Fate of classical solitons in one-dimensional quantum systems

TL;DR

This paper analyzes how classical solitons in one-dimensional systems transition into quantum particles, showing they become fermionic excitations, with detailed studies on the Lieb-Liniger and quantum Toda models.

Contribution

It provides an analytical description of the classical-to-quantum crossover of solitons in 1D systems and demonstrates the universality of these results across models.

Findings

Classical solitons evolve into fermionic particles and holes in the quantum regime.

Exact solutions for the Lieb-Liniger and quantum Toda models illustrate the crossover.
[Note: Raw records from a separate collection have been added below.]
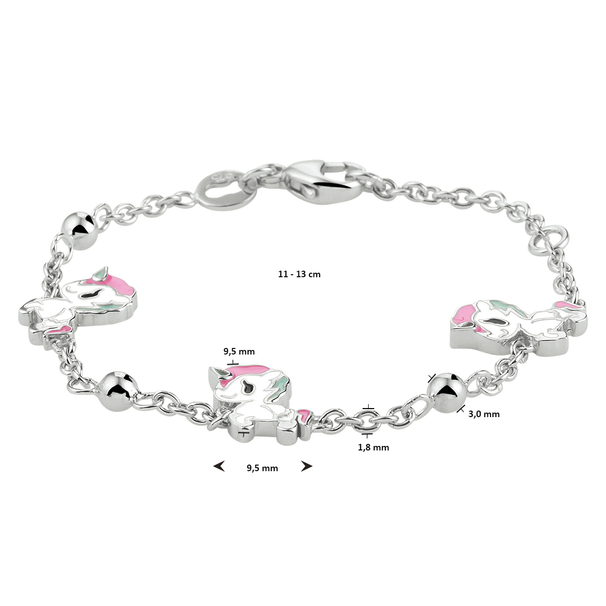 Armband zilver | geemailleerde en gekleurde unichorns | 11-13 cm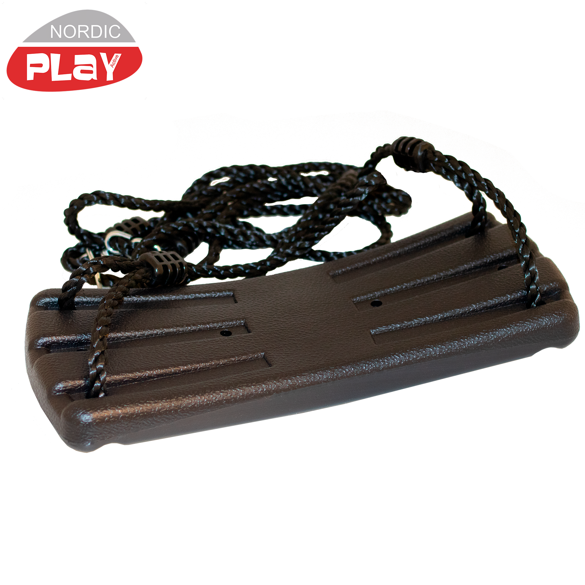 NORDIC PLAY keinuistuin on valmistettu mustasta muovista ja varustettu mustalla, säädettävällä köydellä. Köysissä on galvanoidut renkaat ripustamista varten. Toimitukseen ei sisälly ripustuskoukkuja. Sopii 3-10 vuotiaille lapsille.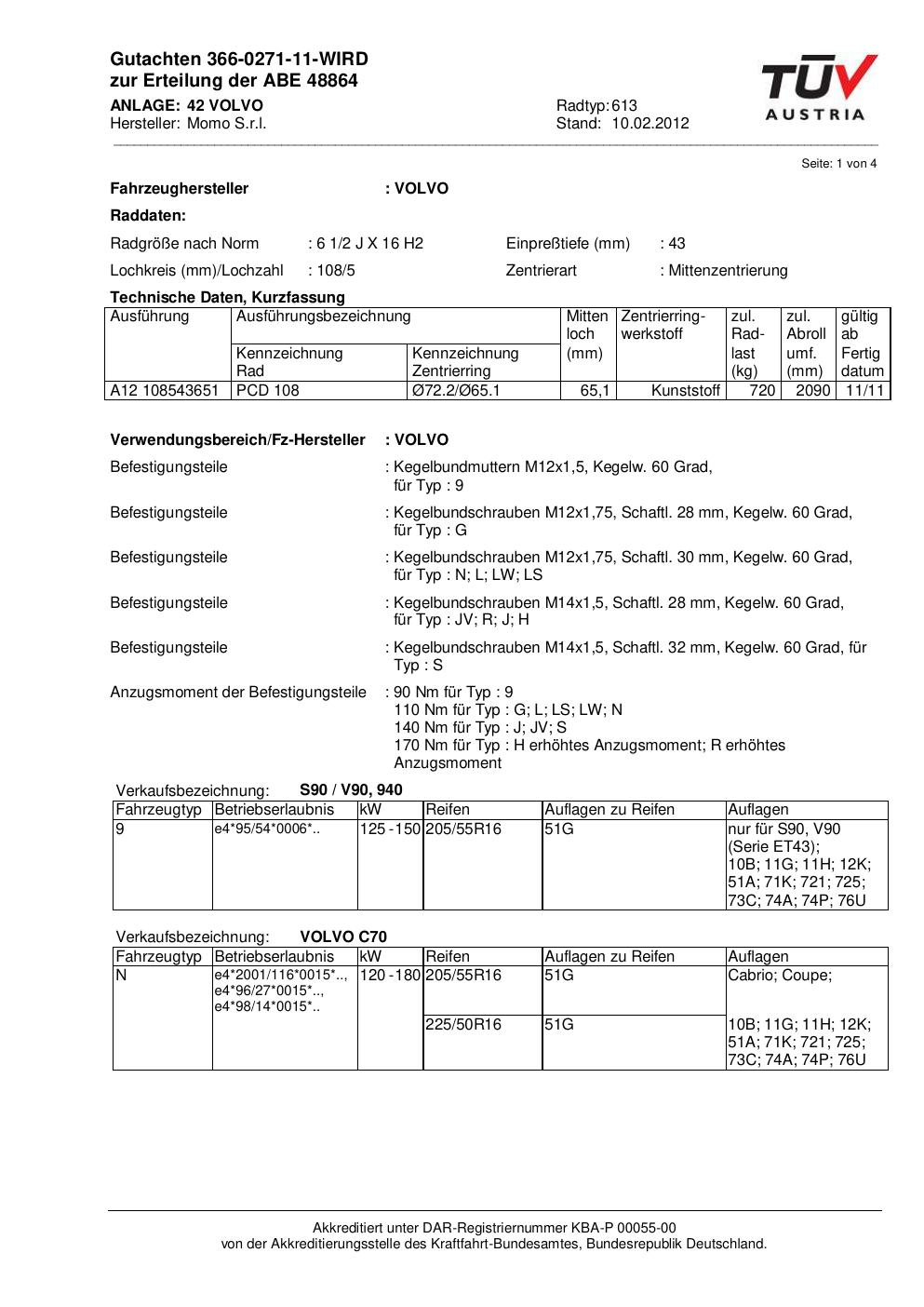 Dieses abe gehört zur Felge Momo 613 in 2Jx16 ET0 mit KBA 48864. Die Seite ist dafür gedacht, dass du schnell prüfen kannst, ob KBA, Design und Größe zu deiner Felge passen und danach direkt das richtige PDF lädst.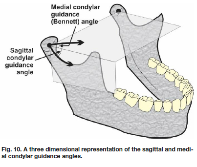 However, on the other side, the right (non-working, non chewing, balancing) side, the condyle has to move more downwards as well as sideways and is now under the influence of the medial wall of the fossa and the movement is therefore quite steep, or at least steeper than the other side. The average path taken is the medial condy-lar guidance angle, when viewed coronally, which is also referred to as the Bennett angle (after Norman Bennett who first described it in 1908 Fig. 10 shows this and the sagittal condylar guidance angle three-dimensionally.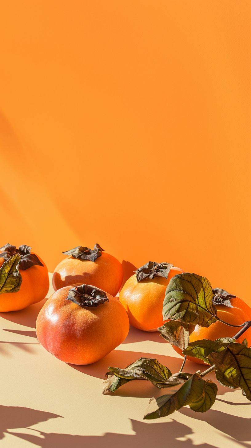 Persimmons on the table, persimmon poster, sunshine light, rainbow, dreamy, solid color background, light orange background, gorgeous colors, minimalism --ar 9:16 --v 6.0 --style raw --s 40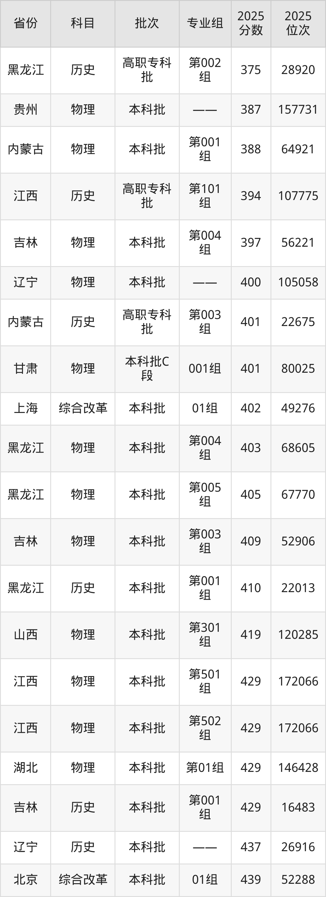最低录取分数线是402分,对应位次是49276名,招生地区为上海;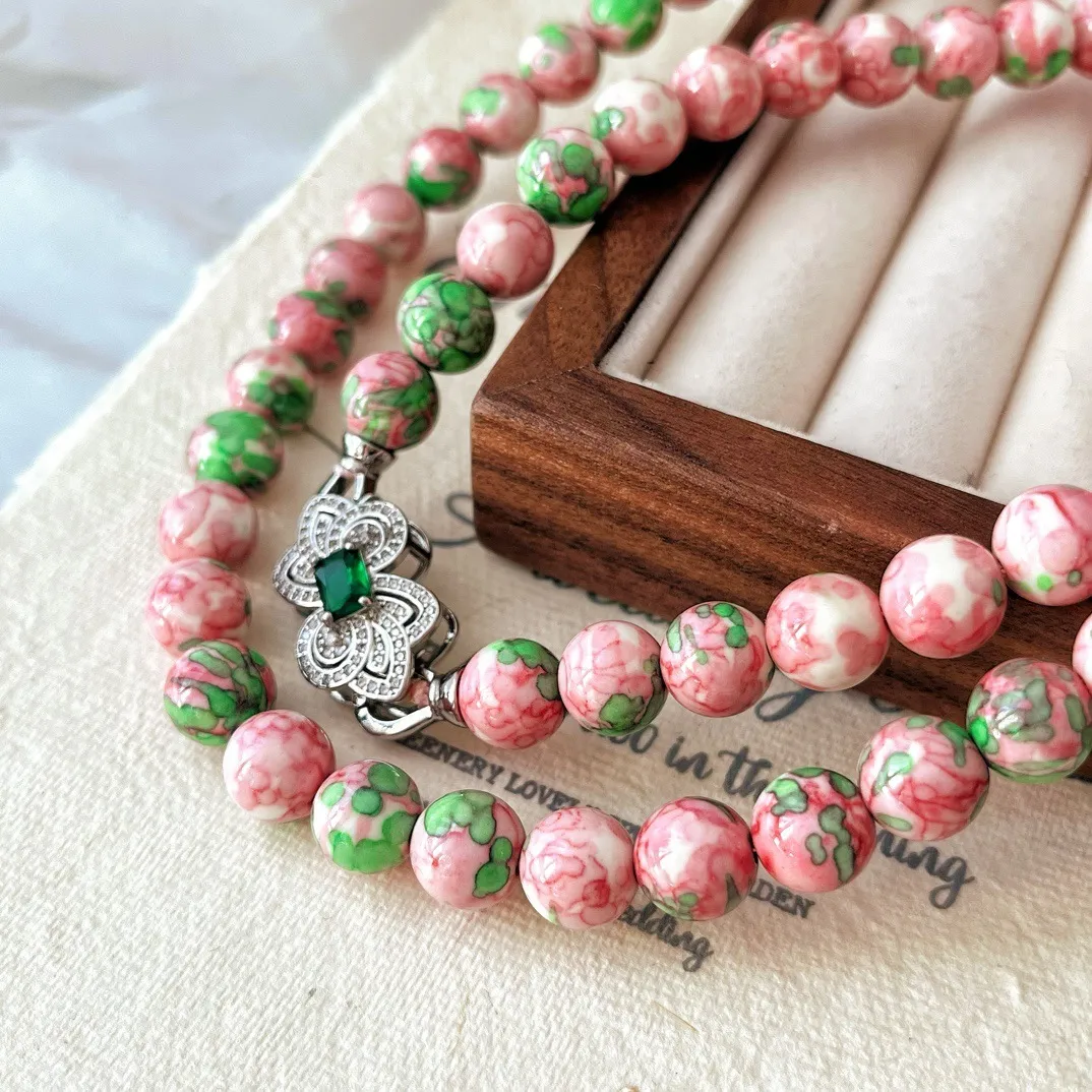 衣都精品- 新款復古甜汁桃桃粉綠琉璃陶瓷項鍊

Results are universally applicable to 1D quantum systems with a classical KdV limit.

Abstract

We study one-dimensional quantum systems near the classical limit described by the Korteweg-de Vries (KdV) equation. The excitations near this limit are the well-known solitons and phonons. The classical description breaks down at long wavelengths, where quantum effects become dominant. Focusing on the spectra of the elementary excitations, we describe analytically the entire classical-to-quantum crossover. We show that the ultimate quantum fate of the classical KdV excitations is to become fermionic particles and holes. We discuss in detail two exactly solvable models exhibiting such crossover, the Lieb-Liniger model of bosons with weak contact repulsion and the quantum Toda model. We argue that the results obtained for these models are universally applicable to all quantum one-dimensional systems with a well-defined classical limit described by the KdV equation.